Umm Muhammed Umar
The French ambassador to Australia, Jean-Pierre Thebault, said that Australia having leaked French President Emmanuel Macron’s text messages to the media was a “new low”. Thebault warned other world leaders that their private communications with the Australian government could be ‘weaponized’ and used against them.
Author, academic, and research specialist, Sanusha Naidoo, said in an interview with Radio Islam, that following the whole submarine debacle after Australia decided to cancel a submarine contract with the French, and go for a nuclear deal on submarines with the UK and the US, the French feel that they’ve been betrayed. Naidu says they feel that it was an abrupt cancellation, without any discussion around it. Diplomatic ties between Canberra and Paris have begun to get into unprecedented waters, and, according to Naidu, it’s weakening the bilateral relationship between the two sides. Macron sent a text to the Prime Minister of Australia implying that he had lied about the deal. Naidu said, “He was basically challenging Morrison’s credibility, he was challenging Morrison’s legitimacy as a leader, and of course challenging the fact that Morrison may have been the kind of instigator, of, basically accusing him of lying around this whole process, and not necessarily being upfront with Paris around what Australia was doing.” There’s a perception that the leak may have come from the office of the Prime Minister. Naidu, however, says that that was speculative. Nevertheless, it indicated just how aggrieved France was about the submarine deal because it was a deal that was almost guaranteed as bilateral. An implication of this is that Europe was also turning very lukewarm toward Australia. There’s this question about whether trade could continue with the EU. Naidu said, “Twice now, it seems the trade deal with the EU has been put on hold. There’s a bit of a pullback by the EU.” She said that this was becoming quite an important discussion point for France and Australia in the Asia Pacific. Australia’s action had implications for the region as a whole, and was known to have been intended to counter China in the region. Naidu said, “this is really the new low in the engagement”.

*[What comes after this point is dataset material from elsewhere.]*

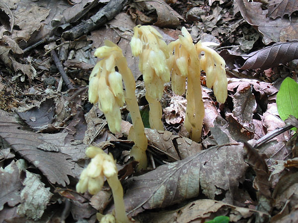 ギンリョウソウに似ていますが、こちらはゴーヂャスな金色してて、1本の茎からいくつもの花を咲かせるところが違いですね。

Meanwhile, United States President, Joe Biden, is using his trip abroad to confront China on climate change and more. Naidu said that Biden had given his closing speech on Tuesday night, where he spoke about the renewal of the US in global terms. He spoke about the US becoming world leader. He used the opportunity for him to demonstrate that the US was returning to the fold of geopolitics. He also delivered a swipe at China’s president, Xi Jinping, for not attending global events. The last two weeks have seen two major events happening globally – the G20, and of course the COP26. Biden was implying President Xi Jinping had not taken the opportunity seriously, and that he was losing his ability to influence the global stage by staying away from these mega world events. Naidu added, “And I think this is because Xi Jinping hasn’t travelled for the longest time ever because of the Coronavirus. And he’s been using this opportunity to stay at home.” It remains to be seen whether Xi Jinping will travel for the China Africa forum that’s expected to take place at the end of November. The Chinese have reacted by pointing out that it had not been them who had pulled out of the Paris Climate Change Agreement. Naidu said that this had also been an opportunity for Biden to re-establish the US in terms of reconnecting with the world leaders. She projected that climate change politics would become the new geopolitical rivalry and competition.

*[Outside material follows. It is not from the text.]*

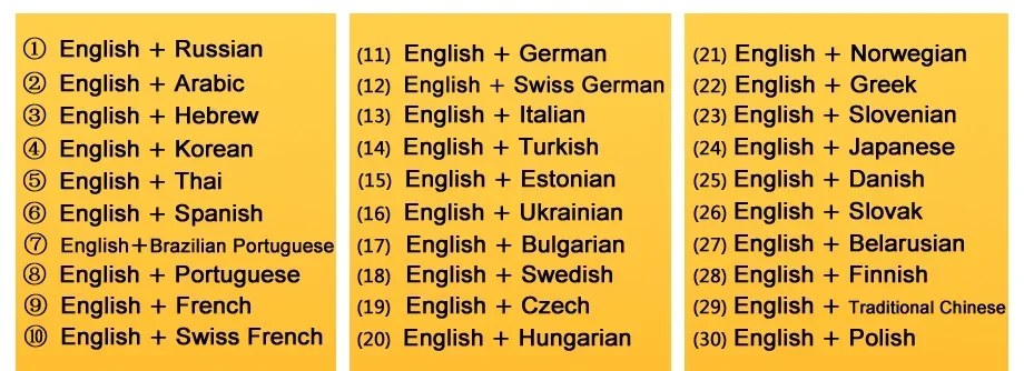 Multilingual version keyboard: English letters and inscribed language letters together.

Naidu said that there seems to be a general consensus on the fact that because “China is part of the IP, etc, production, they’re also becoming much more circumspect”. In her opinion, the posturing by Biden around China, the pushing back and trying to take China on because of its global presence, and its branding, and its PR is quite an interesting trajectory and relationship, in contrast with former President Donald Trump, who was trying to challenge China’s global leadership. She said that Biden was using China’s own weaknesses in certain areas to hit back.

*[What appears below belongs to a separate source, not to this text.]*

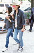 ダメージドデニムに花柄のシャツ、中折れ帽とフリンジベルトなど...
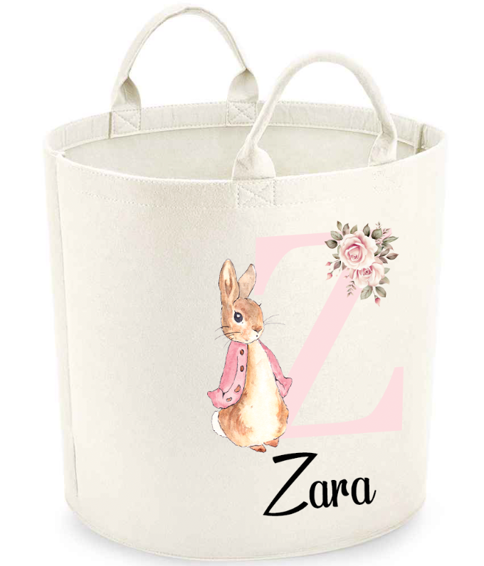 Pink Rabbit/ Initial Personalised Toy/Laundry Basket

Lastly, New Zealand has ratified a major Asia Pacific trade deal, which, according to Naidu, was the biggest trade deal in the world. It was the Regional Comprehensive Economic Trade Deal, which involved China, Japan, South Korea, and ten other Southeast Asian countries. The deal was in the making with eight years of negotiations. Countries have been ratifying it in the last several months. The trade deal should be effective by January 2022. The deal constituted 80% of global trade, and gross domestic products, and 30% in terms of the global population. It was a major deal for New Zealand to be part of, because it would enable the country to tap into economic markets, open up benefits for their companies and for their exporters. The deal is designed to eliminate tariffs on about ninety one percent of goods, as well as standardized rules on investment and intellectual property. Naidu said, “I think what’s important about this deal is that it comes at a time where in the Asia Pacific itself, there’s all these tensions around security, around the militarization of the Indo Pacific. This whole tension with the US, China, as well as the tension between Paris and Australia, so I think it’s going to be an important dynamic in terms of also deciding how the signatories to the RCEP will also determine a common set of rules, dispute mechanisms, as well as deciding about the rules based trade system in terms of this economic partnership.